Lebih jauh lagi, produk dengan klaim berlebihan sering mengandung bahan aktif yang berbahaya, seperti hidrokuinon atau steroid, yang jika digunakan tanpa pengawasan medis dapat menimbulkan efek samping serius, mulai dari alergi hingga ketergantungan. Iklan klaim berlebihan juga menutupi fakta penting bahwa perawatan kulit yang sehat membutuhkan konsistensi dan rutinitas, seperti penggunaan tabir surya, pelembap, serta gaya hidup sehat. Selain itu, Klaim berlebihan merusak kepercayaan konsumen terhadap produk skincare secara keseluruhan, sehingga masyarakat menjadi skeptis dan enggan mencoba produk baru, yang pada akhirnya berdampak buruk pada industri kecantikan secara luas.
Untuk mengatasi klaim b, langkah-langkah strategis diperlukan. Pertama, BPOM harus meningkatkan pengawasan dan regulasi terkait iklan produk skincare di semua media. Aturan yang jelas dan kriteria ketat tentang klaim yang diperbolehkan harus diterapkan.
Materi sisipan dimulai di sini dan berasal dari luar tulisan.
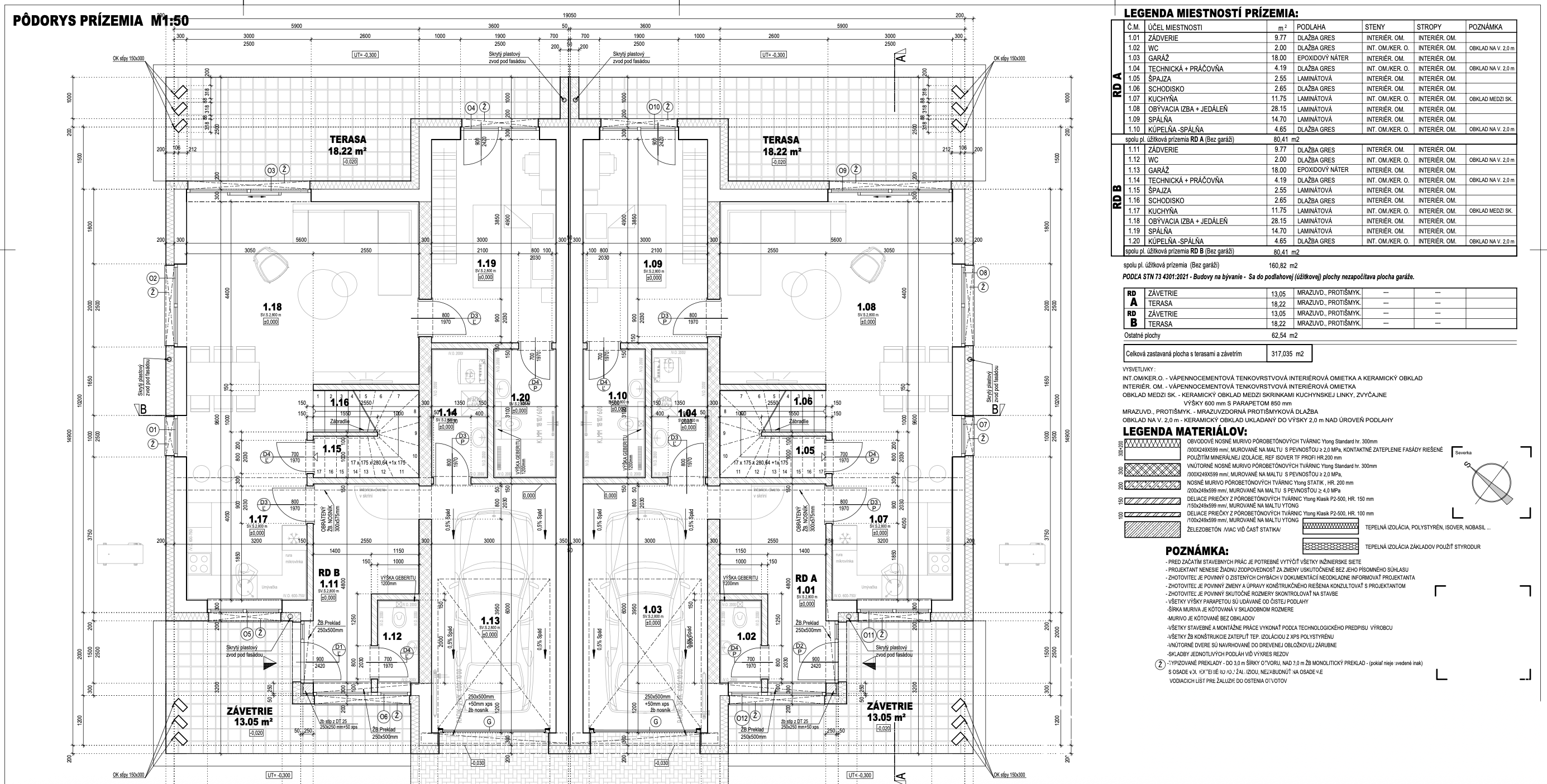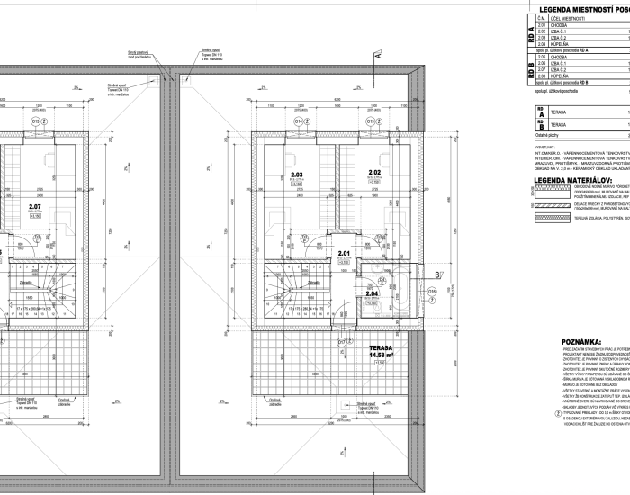 DISPOZÍCIA: Dom pozostáva zo vstupnej chodby, obývačky spojenej s kuchyňou a jedálňou, spálňa s výstupom na terasu a vlastnou kúpelňou. Zo vstupnej chodby sa dostaneme do garáže z ktorej je prístup do technickej miestnosti. Na druhom poschodí sa nachádzajú dve samostatné izby, kúpeľňa spojená s WC a terasa o výmere 15m2.

Kedua, sanksi tegas terhadap produsen yang melanggar, seperti denda, pencabutan izin edar, atau larangan beriklan sementara, perlu diberlakukan untuk meningkatkan tanggung jawab produsen. Ketiga, produsen perlu menyediakan informasi yang lengkap dan transparan pada label produk, termasuk hasil uji klinis dan persetujuan BPOM, agar konsumen dapat memeriksa keabsahan klaim yang dibuat. Edukasi masyarakat juga penting, baik melalui seminar, webinar, maupun artikel informatif yang membantu konsumen memahami bahan aktif, waktu yang diperlukan untuk perawatan kulit, dan bahaya bahan berbahaya.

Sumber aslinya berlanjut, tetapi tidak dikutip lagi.